Work request
Whenever a picture appears in the listing below, leave it out, and copy exactly the lines from the one containing "以史为鉴,熊市将意味着投资者" through the end.

--- The data ---

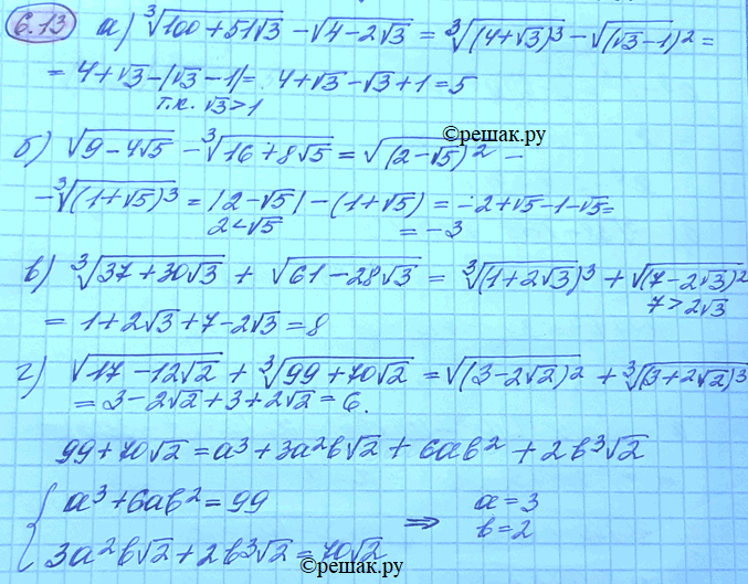 г) корень (17-12 корень 2)+ корень 3 степени (99+70 корень 2).
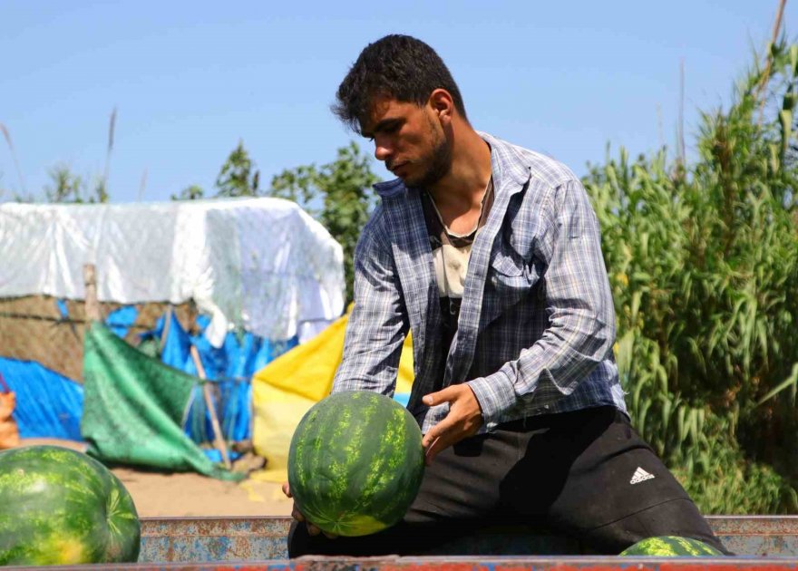 Adana'da başlayan karpuz hasadıyla birlikte "Yükleyici" olarak bilinen işçiler de 400 lira yevmiye ile yoğun mesai harcıyor günlük yaklaşık 150 ton karpuzu kamyonlara doldurarak ülkenin dört bir tarafına gönderiyor.
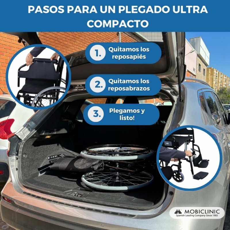 Además, al ser una silla de ruedas plegable, se puede transportar con facilidad en cualquier vehículo.
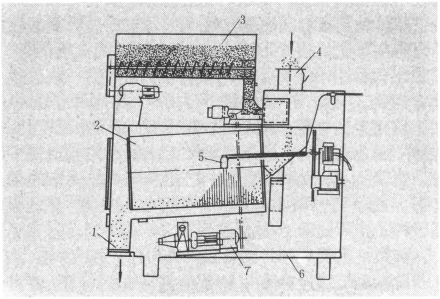 能把农药、肥料粘结在种子表面上使种子获得平滑的、一定形状和大小的丸状种粒的种子处理机。丸粒机主要由种箱、粉箱、液泵、撒粉器、雾化器、滚筒、传动机等组成(图3)。定量的种子送入滚筒后先经雾状药液湿润表面,一面滚动一面与来自输粉器的粉剂混合,在种子表面形成均匀的粘敷层。在滚筒末端,雾状保护剂喷洒在粘敷层外表面,形成均匀的保护膜,然后由出料口排出或送入干燥器烘干。种子的丸粒化过程,根据不同的目的可以反复地进行,直到获得所需的种子表面形状或大小尺寸。
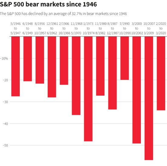 以史为鉴,熊市将意味着投资者可能面临更多痛苦。CFRA首席投资策略师Sam Stovall表示,自1946年以来,标普500指数在13个熊市中的平均跌幅为32.7%,其中在2007-2009年金融危机的熊市期间下跌了近57%。
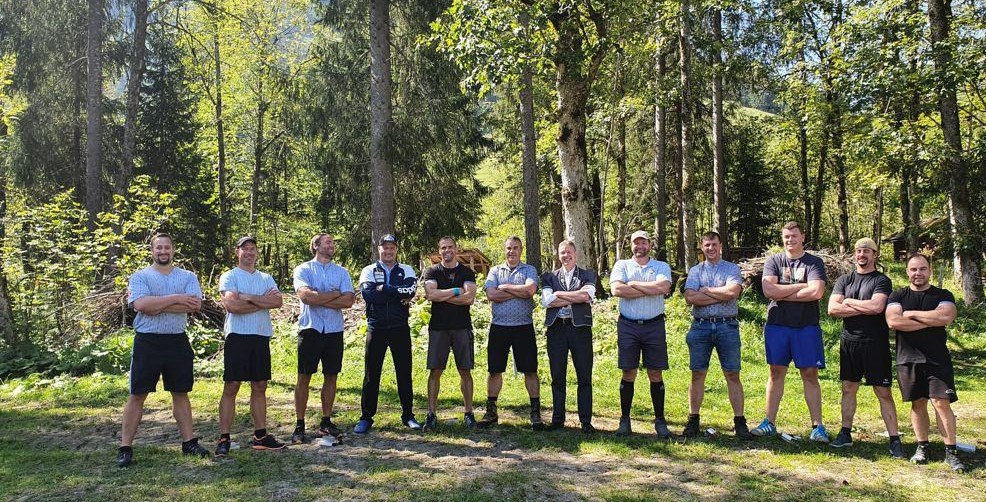 Die Steinstösser mit Erich Mauron OK-Präsident / Les lanceurs de pierre avec Erich Mauron, président du CO

---

Problem solution
 以史为鉴,熊市将意味着投资者可能面临更多痛苦。CFRA首席投资策略师Sam Stovall表示,自1946年以来,标普500指数在13个熊市中的平均跌幅为32.7%,其中在2007-2009年金融危机的熊市期间下跌了近57%。
 Die Steinstösser mit Erich Mauron OK-Präsident / Les lanceurs de pierre avec Erich Mauron, président du CO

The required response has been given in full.